Evaluation
Etablir le contact avec les gens du voyage n’est pas facile. Les expériences qu’ils ont des autres personnes sont assez souvent négatives, par conséquent, cela prend du temps pour gagner la confiance des jeunes concernés. Mais ce que nous avons tous appris de plus important est que la culture des gens du voyage a un bien fondé et une éthique qui défi la culture matérialiste contemporaine. Au cours de la première année du projet, nous étions jaloux des projets de nos partenaires qui étaient parvenus à organiser une manifestation à grande échelle théâtre forum, car pour nous, cela a été un dur labeur rien que pour rencontrer ou organiser quelques ateliers d’arts participatifs. Il semble cependant que les visites organisées à l’université ont ouvert des horizons aux jeunes gens du voyage. Nous avons essayé de planifier la deuxième année de travail à Wrexham de façon plus prudente afin d’assurer la manifestation théâtre forum, mais quand nous sommes arrivés à l’école, les parents et d’autres enfants devant former notre public étaient partis à la mer pour la journée. Ce fut décevant mais la session finale a ensuite servi à préparer les enfants en les assimilant à une compagnie théâtre forum indépendante et à présenter leur travail aux autres enfants de l’école. Après six séances avec les étudiants (et parce que leurs professeurs de classe avaient été réellement enthousiastes pour utiliser l’art dramatique, ces enfants étaient quasiment capables de créer et de concevoir eux-même de petites pièces pour le théâtre forum.

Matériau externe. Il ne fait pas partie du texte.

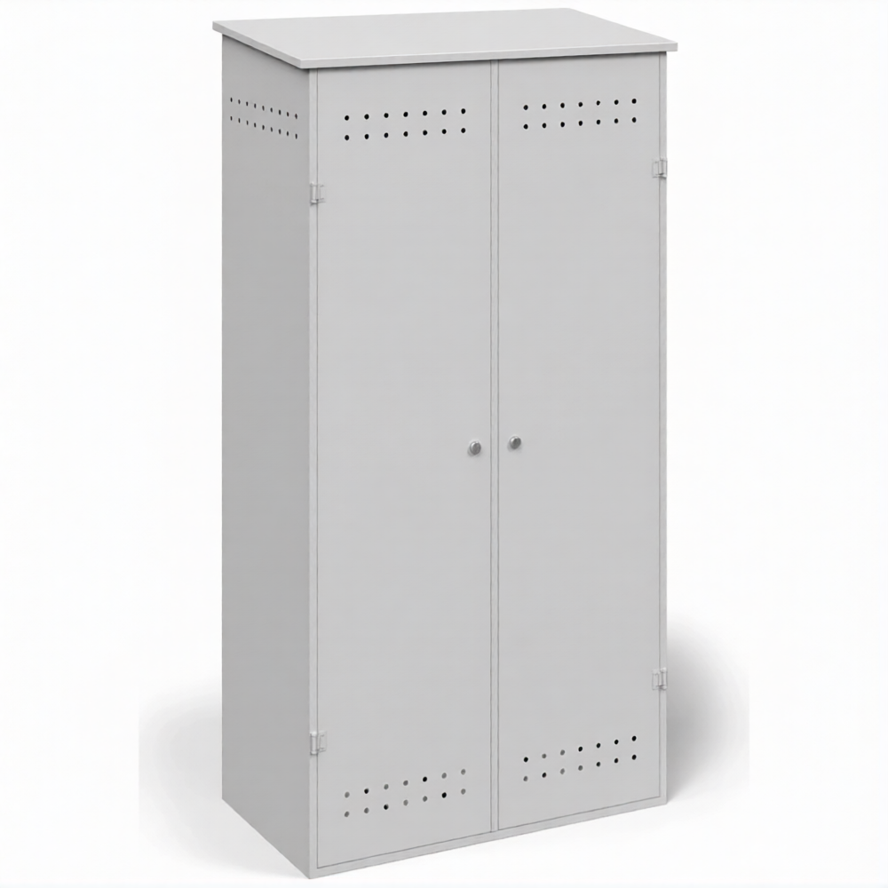 - Обеспечение требований пожарной безопасности — прочный металлический корпус служит эффективным барьером, изолирующим баллоны от возможных источников открытого огня, искр и тепла. Наличие системы приточно-вытяжной вентиляции (перфорация или вентиляционные решетки в верхней и нижней частях) обеспечивает постоянный воздухообмен, что критически важно для предотвращения образования взрывоопасной концентрации газа в случае утечки, в полном соответствии с ППР РФ.

A cause de la loi concernant le droit de photographier des jeunes gens au Royaume Uni, il a été impossible de filmer la plupart des sessions mais nous sommes parvenus à filmer une partie de la dernière séance à l’école en juin 2006. Les étudiants ont décrit leur propre travail dans des cahiers, des mémoires, des journaux et tous ont reconnu avoir subi une métamorphose de leur point de vue initial sur les gens du voyage. Nous avons beaucoup appris de ces rencontres et nous avons eu beaucoup de temps pour y réfléchir. Les moments les plus mémorables ont eu lieu au milieu de notre première visite à St Anne en avril 2006, quand une petite fille s’est levée, furieuse par la scène du théâtre forum préparée devant elle, et est intervenue dans la représentation et a dit à l’un des personnages : « je suis une fille du voyage et tu ne peux pas dire des choses comme ça sur les gens du voyage. C’est raciste. » Un autre moment que nous devrions garder en mémoire vient d’un garçon du voyage âgé de 10 ans qui a dit à une personne « comment peux-tu passer ta vie à haïr les gens ? Ce doit être très malheureux. Le monde est assez grand pour nous tous. » Ces moments très sérieux, mais nous en avons également partagé de plus amusants dans le cadre du projet, en particulier dans ce que nous avons été amenés à appeler les scènes de « solution du lapin » où nous avons montré comment échapper aux persécutions en tombant au sol, en faisant des oreilles de lapin et en fuyant très rapidement (fortement recommandé). Cheshire et Flintshire nous ont demandé de continuer à travailler avec les gens du voyage.
Un changement de perception des étudiants anglais sur ce que représente le fait d’être en Europe a été une conséquence possible et involontaire du projet. Pour beaucoup d’entre eux, la prise de conscience d’une collaboration européenne a été une surprise très importante.
Nous avons beaucoup appris de nos participations à des conférences vidéo et de nos visionnages du matériel sur Minerva, ainsi que du défi qu’il y a à travailler avec des gens du voyage.